The Steerable Guide Catheter is used for introducing various cardiovascular catheters into the left side of the heart through the interatrial septum.

The Steerable Guide Catheter consists of a Steerable Guide Catheter (Guide) and a Dilator provided EO sterile and for single-use only. The Steerable Guide Catheter consists of a distal and proximal catheter shaft, a radiopaque tip ring, a handle with a steering knob, a hemostasis valve with a luer lock flush port, an atraumatic distal tip, and a Dilator with a single central lumen. The central lumen of the Guide allows for aspiration of air and infusion of fluids such as saline, and serves as a conduit during introduction and or exchange of the Dilator and ancillary devices (e.g. catheters) that have a maximum diameter of .204". The atraumatic distal tip of the Steerable Guide Catheter is radiopaque to allow visualization under fluoroscopy. The Dilator consists of a radiopaque shaft, an echogenic feature at the distal tip, a hemostasis valve with a flush port and an internal lumen designed to accept ancillary devices that have a maximum diameter of 0.035" (e.g. needles or guidewires). The Steerable Guide Catheter, Dilator and accessories are packaged in a tray enclosed in two sealed Tyvek pouches, and boxed in a cardboard shelf-carton.

The provided text does not contain information about acceptance criteria or a study proving that an AI-based device meets these criteria. Instead, it is a 510(k) summary for a Steerable Guide Catheter, a physical medical device, and its associated FDA clearance letter.

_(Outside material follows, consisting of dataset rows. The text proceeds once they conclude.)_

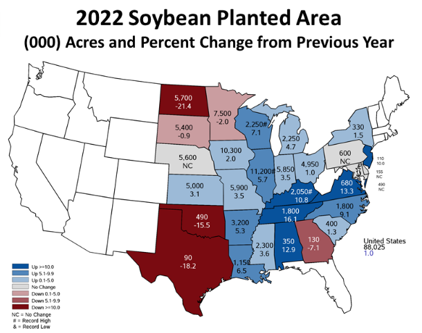 氣候是影響玉米產量的主要因素,當玉米種植期極度潮濕或生長期雨水不足時,都會使玉米產量大幅減少。美國玉米種植時間最早可從四月初開始,玉米帶的北部最晚于五月底完成,而美國南方的玉米產州最早可于三月種植。美國農業部(USDA)6月預期種植報告顯示,2022年玉米種植面積預估降至8990萬英畝,同比下降4%。6月底的種植面積報告聲明,大雨導致南北達科他州和明尼蘇達州播種作業延遲,8月的供需報告對南北達科他州和明尼蘇達州的種植面積重新做出調查并發布,最終,南北達科他州玉米種植面積較6月未做調整,明尼蘇達州面積下調10萬英畝,總面積下調10萬英畝至8980萬英畝。美國農業部指出,在48個州中,有35個州的種植面積保持穩定或略低。預計收獲面積也較去年同期下降4%。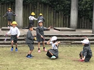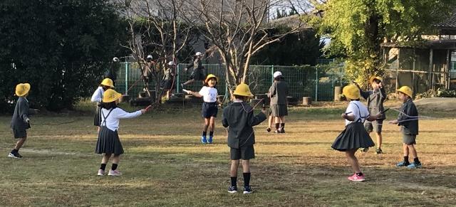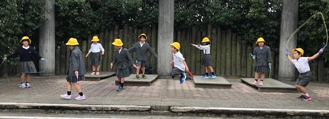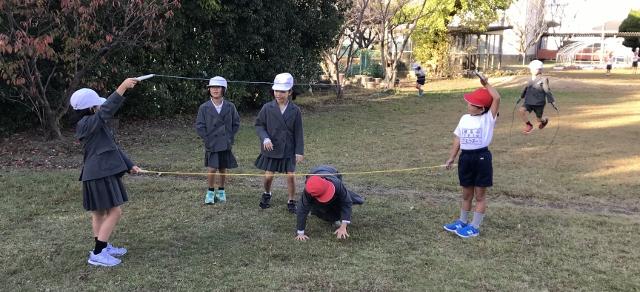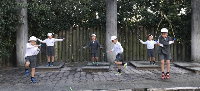 11月13日(水) 朝のグリーンステージでは、1年生の子供達が、縄跳びを楽しそうにしていました。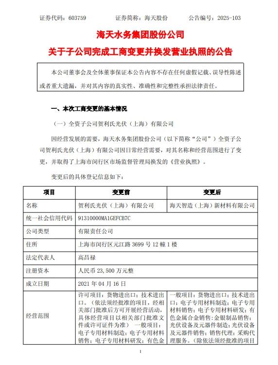 具体看,贺利氏光伏(上海)有限公司变更为海天智造(上海)新材料有限公司,法定代表人为高昌禄。

Therefore, I cannot extract the requested information regarding acceptance criteria, reported device performance, sample sizes, data provenance, expert qualifications, adjudication methods, MRMC studies, standalone performance, ground truth types, or training set details, as these concepts are not applicable to the clearance of this type of physical device as presented in the document.

The document discusses bench testing for the physical device to demonstrate substantial equivalence to predicate devices, focusing on various performance characteristics related to the catheter's physical integrity and function (e.g., Guide Hemostasis, Tensile test, Torque test).